Ze'ev Sherf (, 21 April 1904 – 18 April 1984) was an Israeli politician who held several ministerial portfolios in the 1960s and 1970s.

Biography 
Born in Czernowitz in Austria-Hungary (today Chernivtsi, Ukraine), Sherf made aliyah in 1925. He was a member of Poale Zion's youth movement, and was a founder of the "Socialist Youth" movement.

During World War II he was a member of the Haganah command, and following the war, worked for the Jewish Agency for Israel for two years.

In 1947 he was appointed secretary of the Situation Committee, which helped create the administrative apparatus of the new state. Following independence, he served as secretary of the government until 1957.

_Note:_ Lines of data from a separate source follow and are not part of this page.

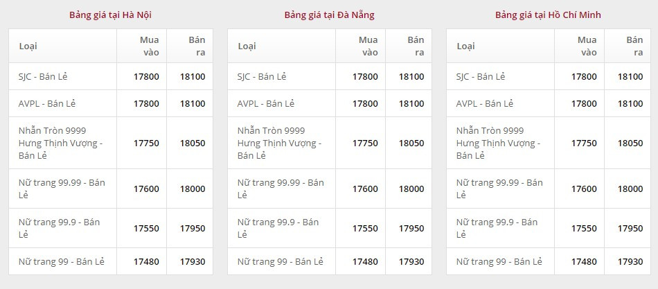 Giá vàng tại Công ty TNHH MTV Vàng bạc đá quý Sài Gòn (SJC):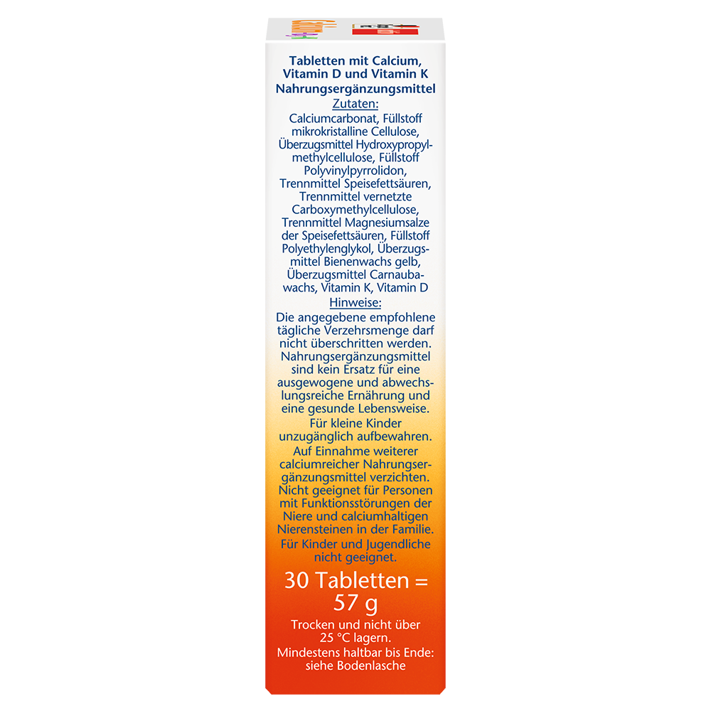 Zutaten:Zutaten: Calciumcarbonat, Reisstärke, Füllstoff Gummi arabicum; Füllstoffe Cellulose, Überzugsmittel Hydroxypropylmethylcellulose, Trennmittel Magnesiumsalze der Speisefettsäuren, Farbstoff Titandioxid, Überzugsmittel Schellack, Füllstoff vernetzte Natrium-Carboxymethylcellulose, Trennmittel Talkum, Olivenöl, Emulgator Polysorbat 80, Phytomenadion, Cholecalciferol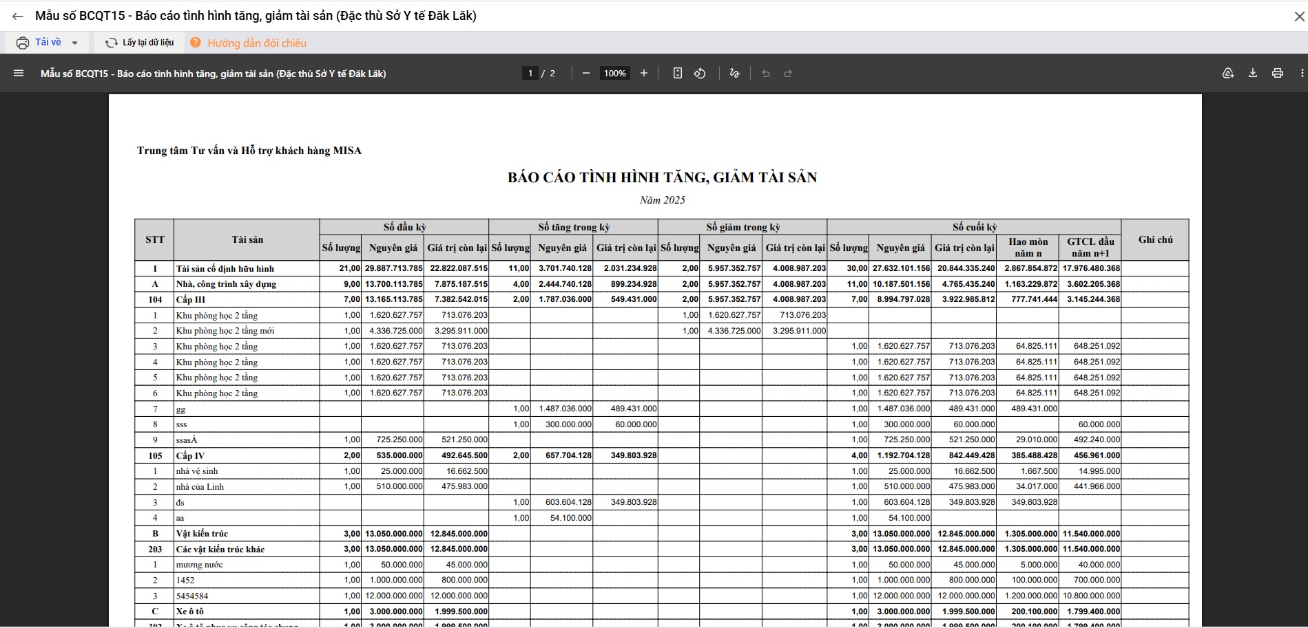 Báo cáo này phản ánh chi tiết số liệu Số lượng, Nguyên giá, Giá trị còn lại (GTCL) đầu kỳ, tăng/giảm trong kỳ và cuối năm theo đặc thù của Sở y tế tỉnh Đăk Lăk.

In the 1965 elections he was voted into the Knesset on the Alignment's list. In November 1966 he was appointed Minister of Trade and Industry, and in August 1968 also became Minister of Finance. He held both posts until after the 1969 elections, when he became Minister of Housing. He was not re-elected in the 1973 elections and lost his place in the cabinet the following year when Golda Meir resigned as Prime Minister.

Books
Law and Administration in the State, 1953
Three Days, 1959

External links 

1984 deaths
1904 births
Romanian emigrants to Mandatory Palestine
Israeli people of Romanian-Jewish descent
Bukovina Jews
Haganah members
Alignment (Israel) politicians
Ministers of Finance of Israel
Ministers of Housing of Israel
Members of the 6th Knesset (1965–1969)
Members of the 7th Knesset (1969–1974)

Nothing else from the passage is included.